### What you should do:
Retype only what runs from the first line of the listing to the line holding "Partide iki farklı", both included. Do not retype the pictures.

### Supplied information:

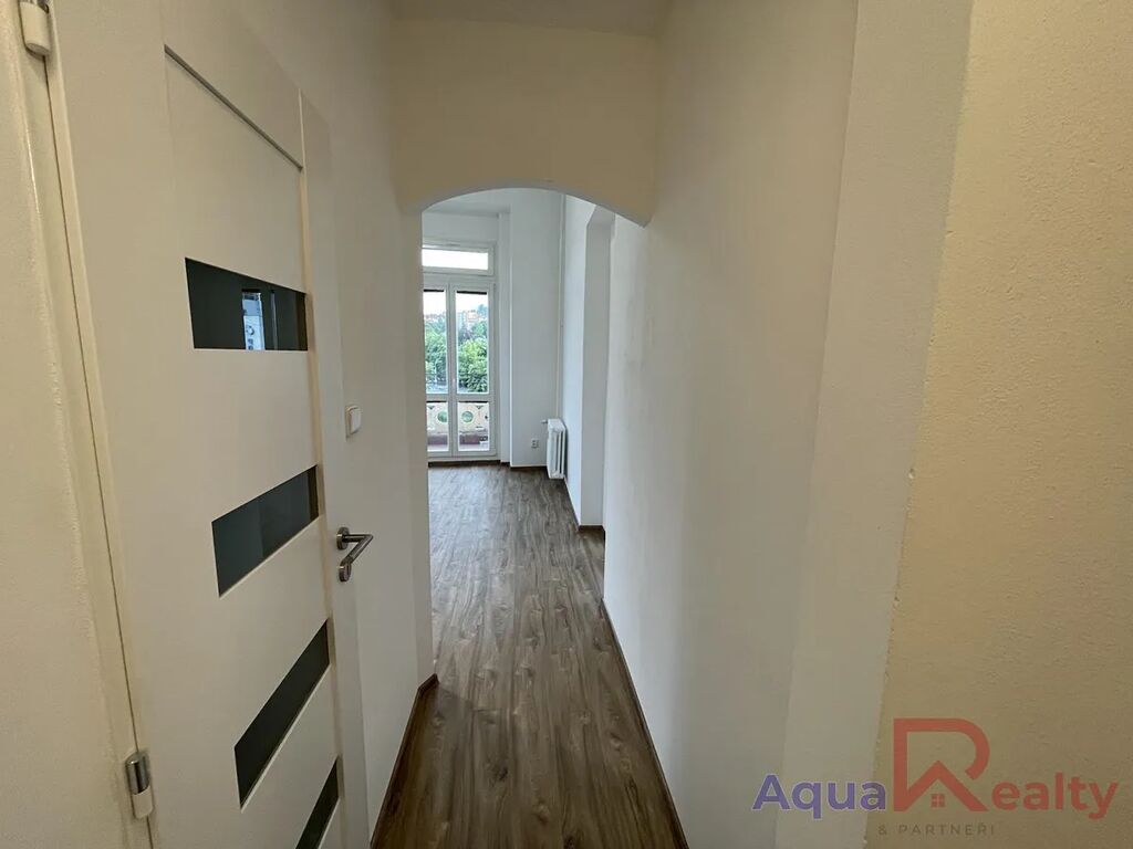 V předsíni je nová vestavěná skříň s regály a po levé straně se nachází nově vybavená koupelna s toaletou, vanou, umyvadlem, žebříkovým topením, dvěma skříňkami a automatickou pračkou. Kuchyň je vybavena novou kuchyňskou linkou včetně vestavěných spotřebičů (plynový sporák, elektrická trouba, digestoř, lednice), odkládacím prostorem a vstupem na balkon (4,4 m2) s orientací na jihovýchod. Z kuchyně se dostaneme do obývacího pokoje/ložnice s připojením STA, internetu a dvojím vstupem na druhý balkon (3,7 m2) s orientací na jihozápad.
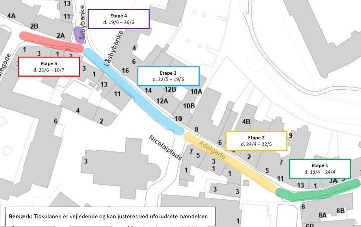 - Adelgade – etapen frem til Blæsbjerggade/Låsbygade: 22. maj-19. juni
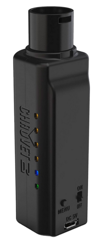 L’appareil se branche directement dans le port XLR d’une lumière pour transmettre sans fil DMX et signaux maître/esclave. Des indicateurs LED pratiques montrent visuellement le fonctionnement du canal sans fil. D-Fi XLR TX est conforme à la fcc/rtte.
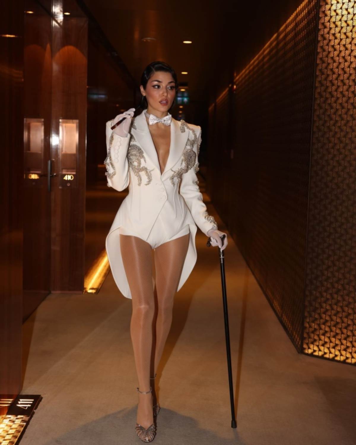 Partide iki farklı kostüm tercih eden Erçel güzelliğiyle
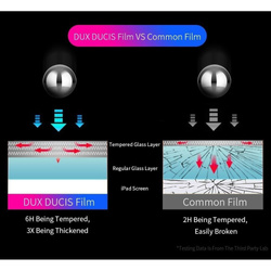 Niezwykle wytrzymałe szkło hartowane 9H marki Dux Ducis. Ochroni każdy ekran przed uszkodzeniem w czasie upadku. Szkło przejmuje na siebie energię wytworzoną przez uderzenie i rozkłada je na swojej powierzchni. Dzięki temu, pęka jedynie nałożone szkło, a nie cały wyświetlacz. Koszt wymiany tego gadżetu jest nieporównywalnie mniejszy niż zamontowanie nowego wyświetlacza! Znajduje się ono w eleganckim, sztywnym opakowaniu producenta co zapobiega uszkodzeniu w czasie transportu. W zestawie są dołączone ściereczki do wyczyszczenia ekranu LCD oraz naklejki do pozbycia się drobinek kurzu.
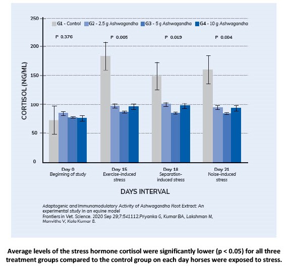 Horses are highly responsive to environmental stimulation (stress). The ability to adapt to various sources of stress remains a great challenge for horses. Supplements containing adaptogenic botanicals, such as Ashwagandha root extract, may help maintain proper physical and psychological balance, or homeostasis, in horses. This study was designed to determine the effects of Ashwagandha root extract on horses exposed to three commonly occurring types of stress in the equine environment: exercise, noise, and separation.
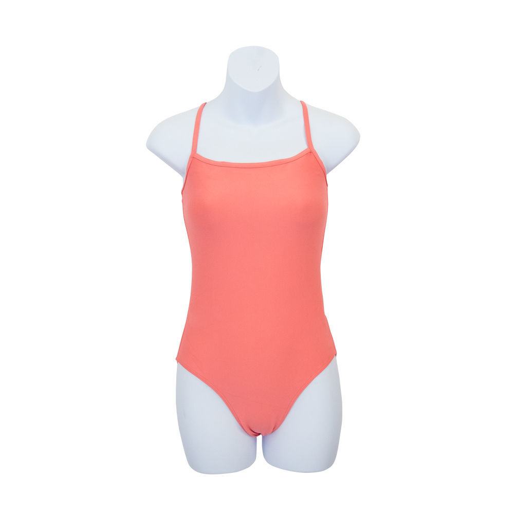 Leotard with thin straps and V back.
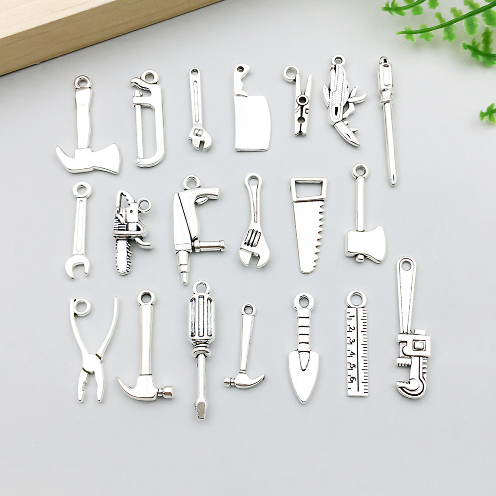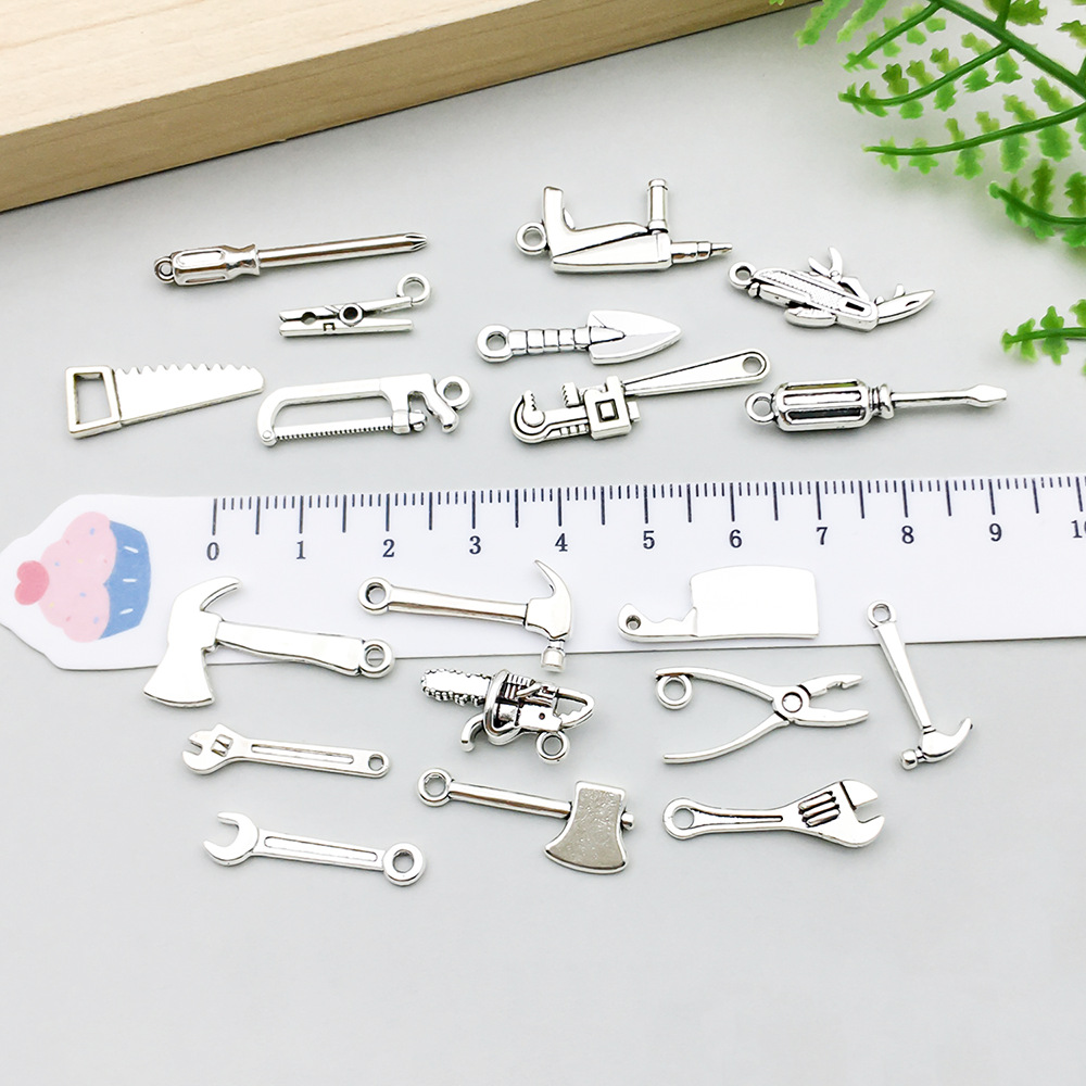 1:Mix 20pcs ancient silver tools series-23g-sn8992:1 ancient silver wrench 7*24mm3:1 ancient silver ax 16*26mm4:1 ancient silver hammer 13*25mm5:1 ancient silver screwdriver 6*31mm6:1 ancient silver wrench 6*24mm7:1 ancient silver saw 9*23mm8:1 ancient silver saw 7*26mm-9:1 ancient silver impact drill 7*27mm10:1 ancient silver pliers 11*23mm11:1 ancient silver shovel 6*25mm12:1 ancient silver ax 10*25mm13:silver wrench 6*24mm14:1 ancient silver kitchen knife 10*24mm15:1 ancient silver hammer 19*9mm16:1 ancient silver clip 5*15mm-17:1 ancient silver ruler 5*24mm-0.8g18:1 ancient silver chainsaw 20*9mm-19:1 ancient silver multifunctional knife 11*24mm20:1 ancient silver wrench 8*32mm21:1 ancient silver screwdriver 4*33mm
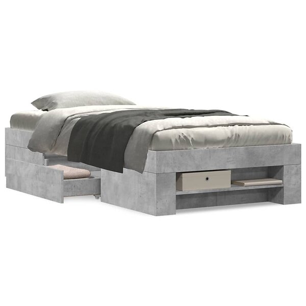 vidaXL Sängram betonggrå 100x200 cm konstruerad trä 3295488
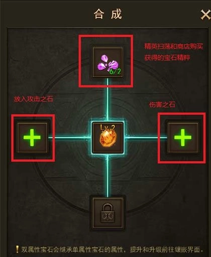 已经制作完成的双属性宝石,还能进一步提升等级,等级越高,其属性加成也就越显著。而提升等级的过程需要消耗相应数量的宝石精粹。
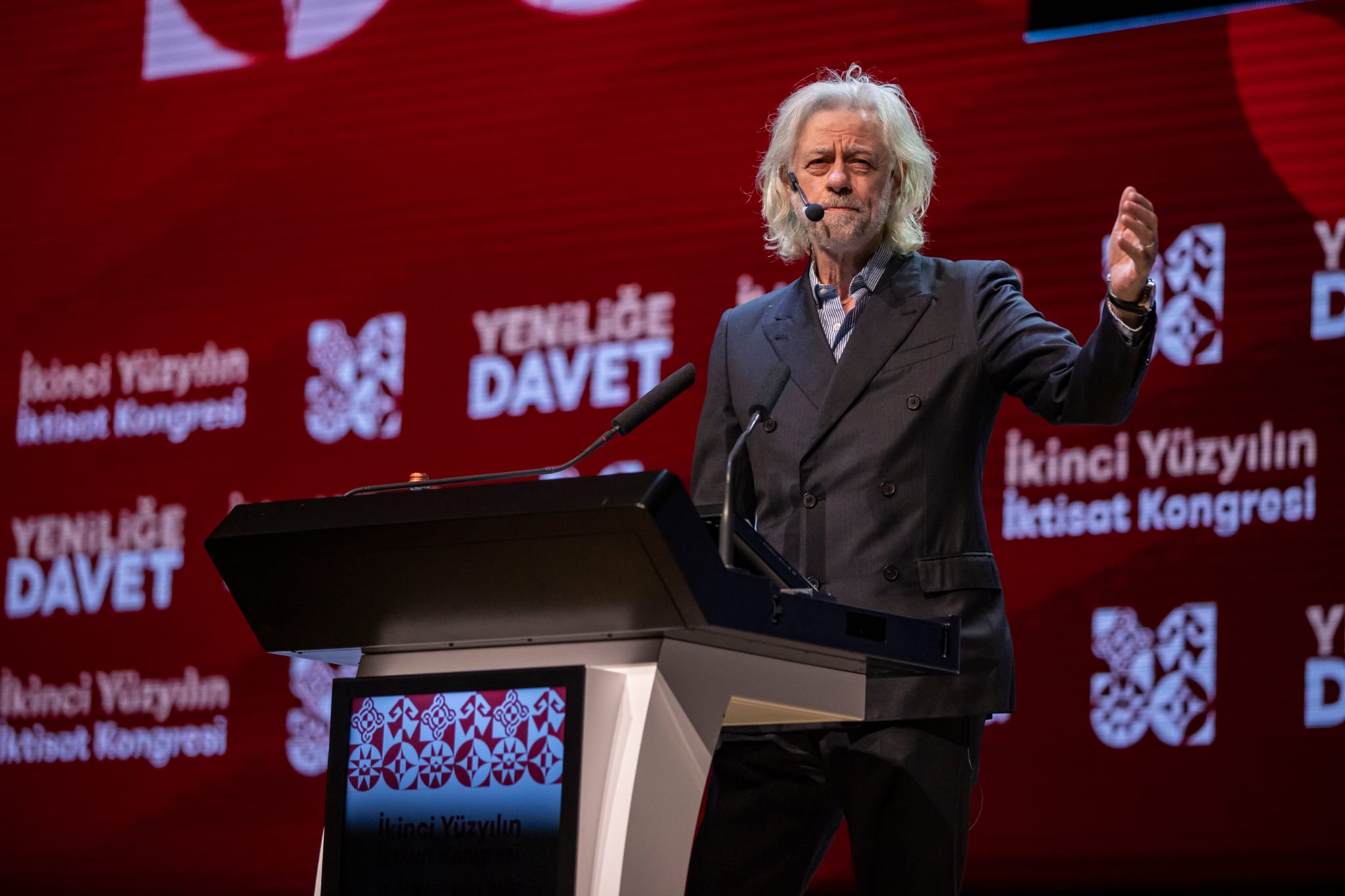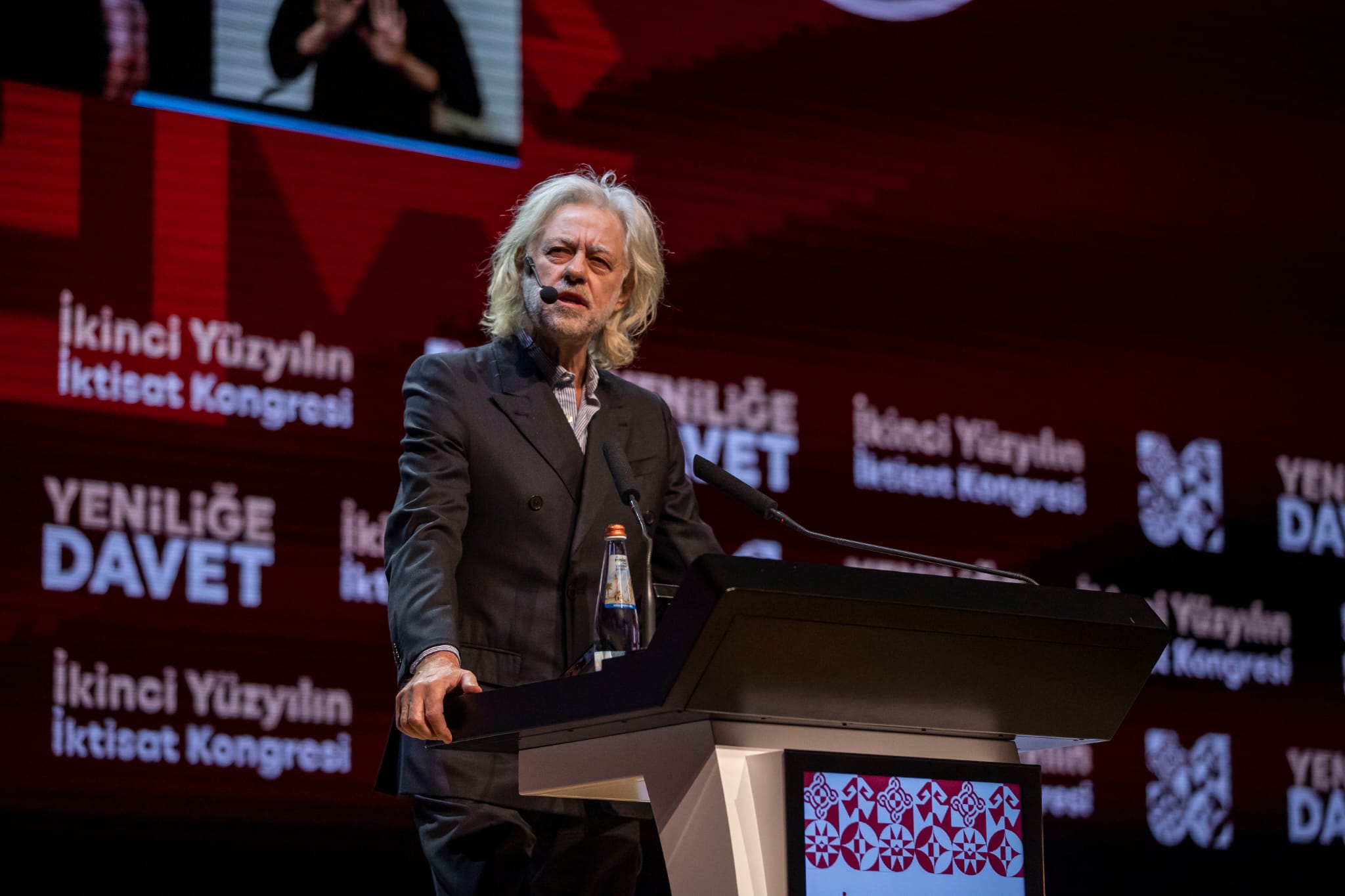 Geldof, “Biz hepimiz, eski beklentilerin artık geçerli olmadığı bir dönemde yaşıyoruz. Artık bilinenler üzerinden politika üretilemiyor. Değişim her zaman kaygıyı artırır. Bu kongre de değişimi hedefliyor, farklı bir arayışla gelişim istiyor. Burada yapılanlar, Türkiye’yi yenilemek için bir çalışmadır. Türkiye’nin avantajları ve fırsatları çok. Bu avantajlar bizde yok. Daha iyileştirilmiş avantajlar var. Peki, yeni dünyayı nasıl bulacağız? Eğer tek bir insan kontrolü varsa ya da yasal düzenlemeleri tek kişi yapıyorsa bu zor olabilir” ifadelerini kullandı.

### Exercise result:
 V předsíni je nová vestavěná skříň s regály a po levé straně se nachází nově vybavená koupelna s toaletou, vanou, umyvadlem, žebříkovým topením, dvěma skříňkami a automatickou pračkou. Kuchyň je vybavena novou kuchyňskou linkou včetně vestavěných spotřebičů (plynový sporák, elektrická trouba, digestoř, lednice), odkládacím prostorem a vstupem na balkon (4,4 m2) s orientací na jihovýchod. Z kuchyně se dostaneme do obývacího pokoje/ložnice s připojením STA, internetu a dvojím vstupem na druhý balkon (3,7 m2) s orientací na jihozápad.
 - Adelgade – etapen frem til Blæsbjerggade/Låsbygade: 22. maj-19. juni
 L’appareil se branche directement dans le port XLR d’une lumière pour transmettre sans fil DMX et signaux maître/esclave. Des indicateurs LED pratiques montrent visuellement le fonctionnement du canal sans fil. D-Fi XLR TX est conforme à la fcc/rtte.
 Partide iki farklı kostüm tercih eden Erçel güzelliğiyle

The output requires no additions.